L’article 700 du même code prévoit que le juge condamne la partie tenue aux dépens, ou qui perd son procès, à payer à l’autre partie la somme qu’il détermine au titre des frais exposés et non compris dans les dépens. Ce texte précise que, dans tous les cas, le juge tient compte de l’équité ou de la situation économique de la partie condamnée et qu’il peut, même d’office, pour des raisons tirées des mêmes considérations, dire qu’il n’y a pas lieu à ces condamnations.

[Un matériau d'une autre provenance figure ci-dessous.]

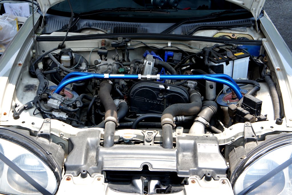 スズキ・カプチーノ(1990年式・EA11R)愛車紹介26台目 スズキ 2017年07月18日 0 今回紹介する車両は「ドンキホーテジムカーナ2017」にエントリーされていたスズキ・カプチーノです。 年式:1990年式型式:EA11Rミッション:5MT カプチーノは1989年の東京モーターショーに参考出品され、1991年11月に発売された軽自動車のオープンスポーツカーです。1998年10月まで生産され、総生産台数は26,583台にもなりました。軽自動車で初めて4輪ダブルウィッシュボーン式サスペンションを採用した車でした。車名のカプチーノは「シナモン入りエスプレッソコーヒー」であるカプチーノが由来です。飲み物のカプチーノは、小さなカップに入ったちょっとクセのあるお洒落な飲物です。この小さなオープンスポーツカーのイメージに重ねて命名されました。ロングノーズ・ショートデッキのスポーツカースタイルのデザインとなっており、ルーフは3ピース構成されています。ルーフは取り外し可能で、「クローズ」「フルオープン」「タルガトップ」「Tトップ」の4種類から選択可能です。取り外したルーフはトランクに収納できます。この時代の軽自動車スポーツカーは車名の頭文字を取って「平成ABCトリオ」と呼ばれました。Aはマツダ・AZ-1、Bはホンダ・ビート、Cはカプチーノ。マツダ・AZ-1とホンダ・ビートは、後輪駆動(MR駆動)を採用していたのに対し、カプチーノは後輪駆動(FR駆動)を採用しました。これはスズキのこだわりで「ドライバーが主役になれる車」にしたい思いがあったそうです。 徳島県吉野川市よりエントリーされていました。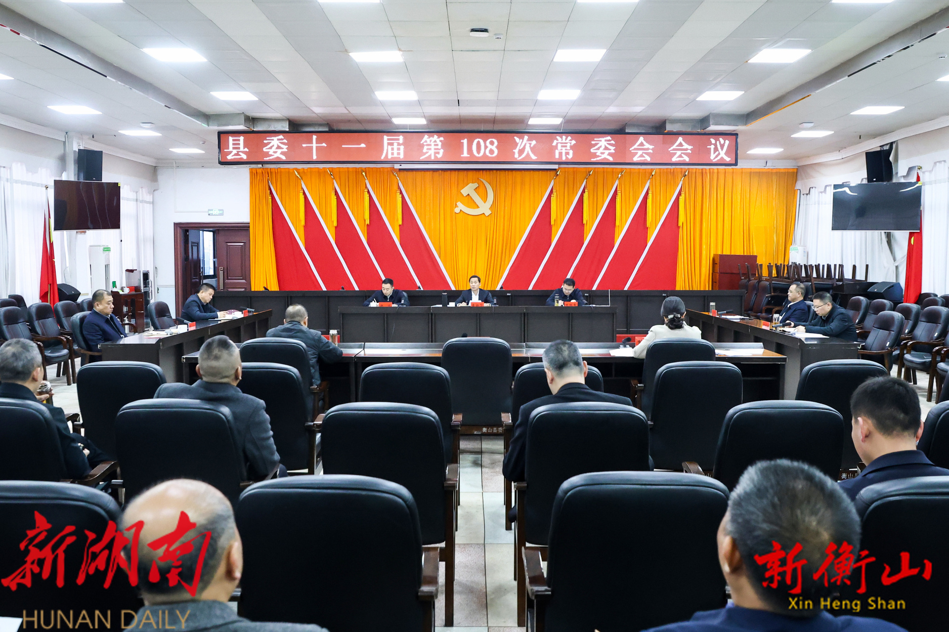 新衡山客户端12月8日讯(记者:刘永欢 周彭斌)12月8日,衡阳市政协副主席、衡山县委书记戴新贤主持召开县委十一届第108次常委会会议,传达学习贯彻习近平总书记近期重要讲话和重要指示精神以及11月28日中共中央政治局会议精神;传达学习贯彻省委十二届九次全体会议精神。

En l’espèce, il y a lieu de prévoir que chaque partie conservera la charge des dépens par elles exposées postérieurement à l’arrêt rendu par la cour de cassation le 16 septembre 2014 et il n’y a pas lieu de faire application de l’article 700 du code de procédure civile en faveur de l’une ou l’autre des parties.
PAR CES MOTIFS
LA COUR,
Au fond, statuant dans les limites de l’appel :
Infirme le jugement déféré en ce qu’il a :
— déclaré sans objets la demande de M. Y aux fins de voir appliquer la règle du profit subsistant et les demandes de fixation de la date de jouissance divise ;
— fixé la valeur des postes suivants du projet notarié dressé le 14 décembre 2017 par Maître A-I, notaire à Chauvigny (86) :
*immeuble de Poitiers ;
*appartement de Cergy ;
*articles 10 de la masse active ;
*actif brut à partager ;
*actif net à partager ;
*droits de M. Y ;
*droits de Mme X ;
*soulte due par M. Y à Mme X ;
— condamné M. Y à payer à Mme X la somme de 3.000 € à titre de dommages et intérêts ;
— condamné M. Y au paiement d’une amende civile de 8.000 € ;
Et statuant à nouveau de ces chefs :
Déclare irrecevable la demande de M. Y aux fins de voir appliquer la règle du profit subsistant ;
Déboute Mme X de sa demande de fixation de la date de jouissance divise ;
Dit que dans le cadre du partage entre les parties, les postes suivants doivent être ainsi fixés :
* valeur de l’immeuble de Poitiers : 158.761,32 € ;
* valeur de l’appartement de Cergy: 110.250,90 € ;
* article 10e de la masse active : 7.938 € ;
* actif brut à partager : 618.379,02 € ;
* actif net à partager : 580.727,69 € ;
* droits de M. Y : 296.074,42 € ;
* droits de Mme X : 284.653,26 € ;
* soulte due par M. Y à Mme X : 35.689,92 € ;
Condamne M. Y à payer à Mme X le montant de cette soulte ;
Déboute Mme X de ses demandes tendant à voir confirmer la décision déférée s’agissant du montant de ces postes ;
Déboute Mme X de sa demande de dommages et intérêts ;
Dit n’y avoir lieu de condamner M. Y au paiement d’une amende civile ;
Confirme le jugement déféré pour le surplus des chefs critiqués ;
Y ajoutant :
Dit que dans le cadre du partage la valeur du local professionnel de Cergy est fixée à 114.660,93 € ;
Déboute en conséquence Mme X de sa demande tendant à voir confirmer la décision déférée s’agissant du montant de ce poste ;
Déboute M. Y de l’ensemble de ses demandes ;
Renvoie les parties devant Maître A-I à seule fin d’établir un acte de liquidation et partage complet, précis et conforme à la présente décision et aux jugements rendus le 14 mars 2011 par le tribunal de grande instance de Poitiers et le 28 octobre 2019 par le tribunal judiciaire de Poitiers ;
Dit que chaque partie conservera la charge des dépens par elles exposées postérieurement à l’arrêt rendu par la cour de cassation le 16 septembre 2014 ;
Dit n’y avoir lieu à faire application des dispositions de l’article 700 du code de procédure civile en faveur de l’une ou l’autre des parties.
Le présent arrêt a été signé par Dominique NOLET, Président et par Diane MADRANGE, Greffier auquel la minute de la décision a été remise par le magistrat signataire.